Usage: gappa prepare chunkify [options]

Options

Input
`--fasta-path`	Required. `TEXT:PATH(existing)=[] ...` List of fasta files or directories to process. For directories, only files with the extension `.(fasta\|fas\|fsa\|fna\|ffn\|faa\|frn)[.gz]` are processed.
Settings
`--chunk-size`	`UINT=50000` Number of sequences per chunk file.
`--min-abundance`	`UINT=1` Minimum abundance of a single sequence. Sequences below are filtered out.
`--hash-function`	`TEXT:{SHA1,SHA256,MD5}=SHA1` Hash function for re-naming and identifying sequences.
Output
`--chunks-out-dir`	`TEXT=.` Directory to write output chunks files to.
`--chunks-file-prefix`	`TEXT` File prefix for chunks files. Most gappa commands use the command name as the base name for file output. This option amends the base name, to distinguish runs with different data.
`--chunks-file-suffix`	`TEXT` File suffix for chunks files. Most gappa commands use the command name as the base name for file output. This option amends the base name, to distinguish runs with different data.
`--abundances-out-dir`	`TEXT=.` Directory to write output abundances files to.
`--abundances-file-prefix`	`TEXT` File prefix for abundances files. Most gappa commands use the command name as the base name for file output. This option amends the base name, to distinguish runs with different data.
`--abundances-file-suffix`	`TEXT` File suffix for abundances files. Most gappa commands use the command name as the base name for file output. This option amends the base name, to distinguish runs with different data.
Global Options
`--allow-file-overwriting`	`FLAG` Allow to overwrite existing output files instead of aborting the command.
`--verbose`	`FLAG` Produce more verbose output.
`--threads`	`UINT` Number of threads to use for calculations.
`--log-file`	`TEXT` Write all output to a log file, in addition to standard output to the terminal.

Description

The command is one of the steps of our data preprocessing pipeline for phylogenetic placements as described here. It takes one or more fasta files as input, e.g., each representing an environmental sample. It then writes out numbered chunks files of equal size, containing the unique sequences of the input. For each input file, it also writes an abundance map file, which stores the per-sequence abundances in the input. In order to identify unique sequences, it uses a hash value of the sequence data, which is also assigned as a new name to the sequences in the chunks.

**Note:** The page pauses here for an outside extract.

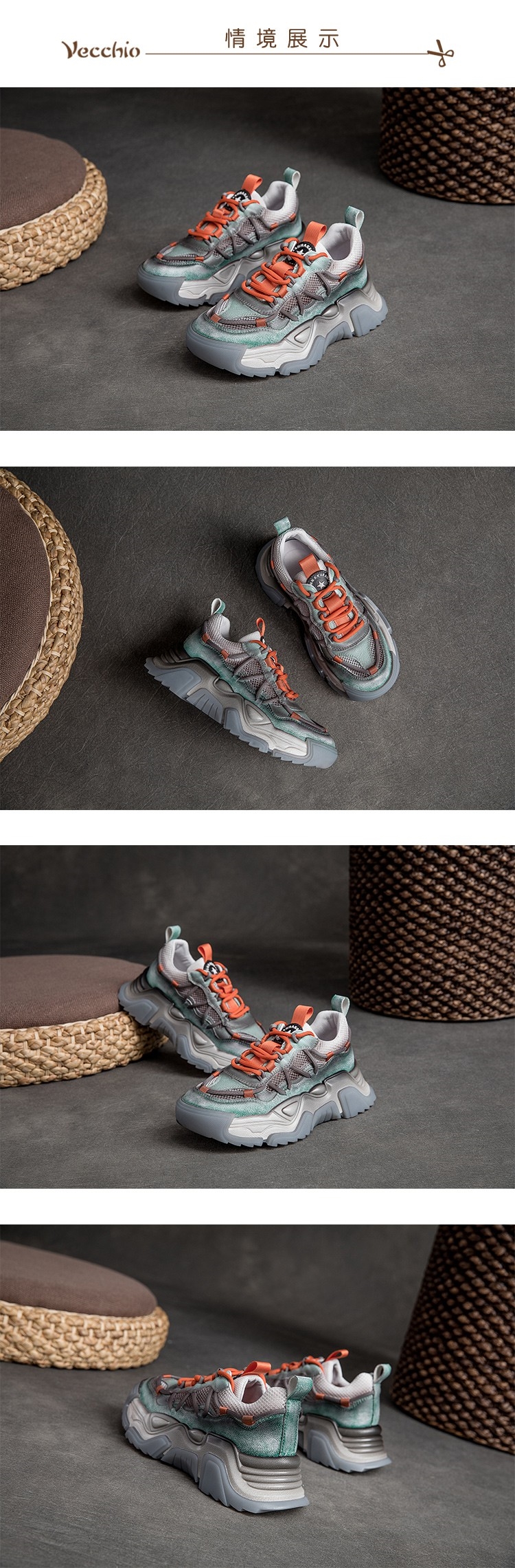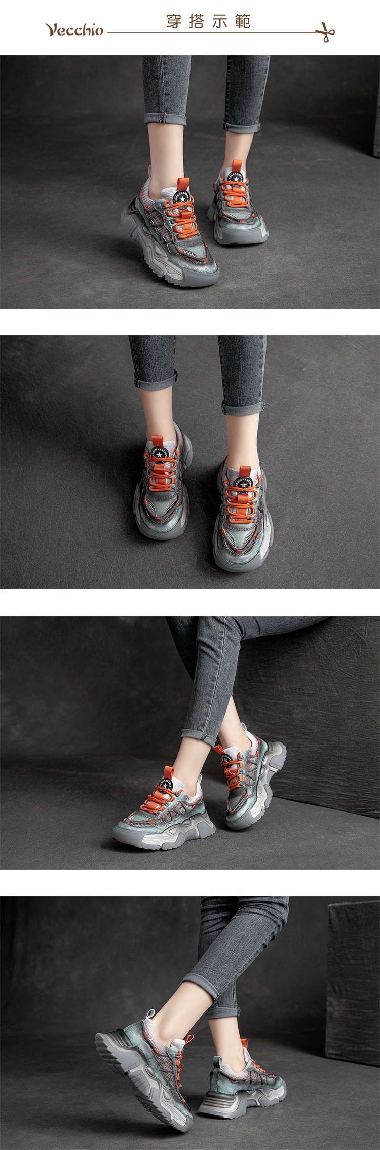 【VECCHIO】老爹鞋 厚底老爹鞋/真皮頭層牛皮縷空網布拼接個性撞色厚底老爹鞋 綠

Chunkify and Unchunkify Workflow.

The produced chunk files are intended to be used with phylogenetic placement next (after potentially aligning them first to the reference). Using chunks of equal size ensures relatively stable run times for each chunk, so that large datasets can be processed efficiently on a computer cluster. Furthermore, as the chunks only contain unique sequences, compute time is further reduced.

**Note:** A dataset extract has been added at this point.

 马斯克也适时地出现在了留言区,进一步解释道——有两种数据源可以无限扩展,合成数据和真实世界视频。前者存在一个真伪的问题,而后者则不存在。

After finishing phylogentic placement, the unchunkify command then takes the per-chunk placement files as well as the abundance map files produced here, and creates placement files for each of the original input files, with all abundances and original sequences names restored. Thus, the combination of these two commands achieves the same effect as placing each input file separately, but lowers computational cost and maximizes load balancing.

Details

The memory usage depends on the number of unique sequences in the input data. For example, we used a test dataset with 1,170 fasta files (31.5 GB) containing 182,556,655 sequences, thereof 104,947,033 unique. Using --hash-function SHA1 and --threads 1, the program ran for 40 min and used 4 GB of memory on a laptop computer. The run time can be reduced by using multiple threads, at the cost of slightly more memory usage. As most of the sequences only appeared with an abundance of 1 per file, we also tried the option --min-abundance 2. In that case, 82% of the sequences were filtered due to low abundance, resulting in a run time of 12 min and 440 MB memory usage with a single thread.

`--min-abundance`

The --min-abundance option is meant for fasta files which were already deduplicated, that is, which do not contain duplicate sequences, but have unique sequences with their abundances annotated in the sequence label itself. Such files are for example produced by the vsearch command --derep_fulllength. If the --min-abundance option is used with a value greater than 1 for files that do not contain abundance information in the sequence labels, all sequences will be filtered out, because their abundance is then considered to be 1.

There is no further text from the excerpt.